But I couldn't get out of my mind that image of him in his solitary cell staring at the only words, if I understand correctly, that he had access to, because he didn't have books, leniency. It said, "Leniency is for those who confess severity for those who resist." And he stared at this all day and night and tried to think about how that would work in a computer. Is that right?
Thomas Mullaney (guest):
That is right. With one tiny adjustment, which makes it even in many ways more interesting is he was thinking of it, the computer part came second. And in the beginning he was thinking really of filing cabinets and library card catalogs and dictionaries, and he was thinking in order to maintain his sanity and his also sense of self and just boredom and et cetera, terror, horror, et cetera. But he was part of a deeper history, which I actually talk more about in The Chinese Typewriter of a thing dating back to the 1910s and '20s. Which is about the nerdiest thing you could possibly imagine that is incredibly important. It was called the character retrieval problem or the character retrieval crisis.

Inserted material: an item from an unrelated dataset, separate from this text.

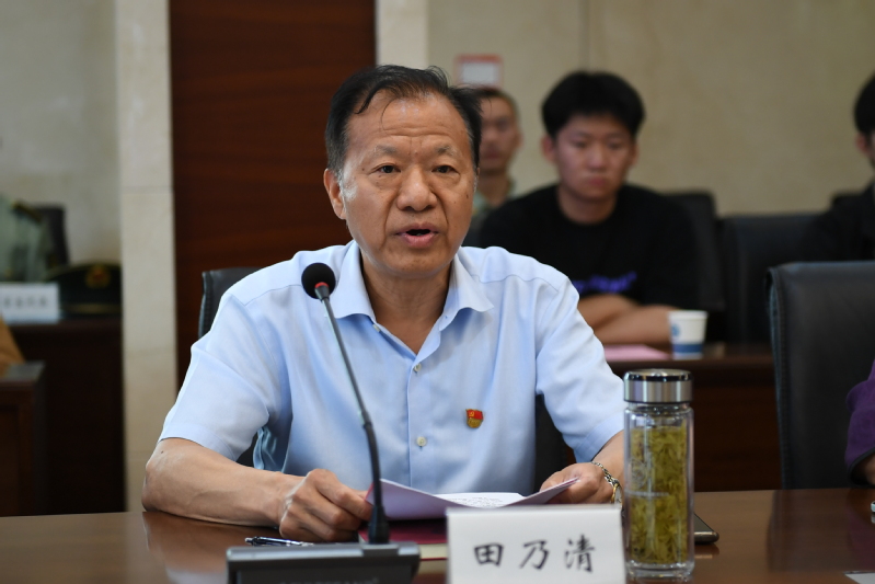 会议伊始,田乃清对张慕忠老人的到来表示诚挚的感谢。他指出,张慕忠老人起义归来后作为海员训练班(江苏海事职业技术学院前身)第四期学员,历经思想的洗礼,投身到新中国的航运事业,为新中国的社会主义建设做出了不可磨灭的贡献。田乃清代表学校向辛勤工作在海运一线的全体海员致以节日的问候,向到场的嘉宾表示热烈的欢迎,他简要介绍了学校七十多年的发展历程和近年来对海洋强国、“一带一路”建设的积极贡献。江苏海院与生俱来的红色基因和家国情怀,凝聚独具特色的海院精神,是学校数十年深耕航海办学特色,着力培养适应新时代海洋强国建设和构建新发展格局要求的深蓝产业工匠的源动力。他希望航海职教人不负众望,以推动航海职业教育高质量发展为己任,接力奋斗、勇往直前,为我国航运事业由启航、远航到领航的飞跃输送更多、更优质、更高端的技术技能人才,为海洋与航运强国建设做出更积极的贡献。

This was an episode that expanded over many years in the teens and '20s, mainly librarians, educators, publishers, teachers, and linguists. And what they were saying was, "Listen, we've got a major problem. Because when one of our students goes to the library in China and they're trying to find a book in the catalog, it takes them 45 seconds to find the card, because we don't have alphabetic order. We have all of these different systems for how you look up a character in a dictionary." If they're in Germany or if they're in English, or if they're in France, they find it in five seconds. So if we do the calculation, if we extrapolate this 40 second delay across every instance of information retrieval across every user across time, we are literally behind the rest of the world informationally. We are operating. It's the reason that high-performance traders want to be closer to the index because they're literally slower if they're a few blocks further away with.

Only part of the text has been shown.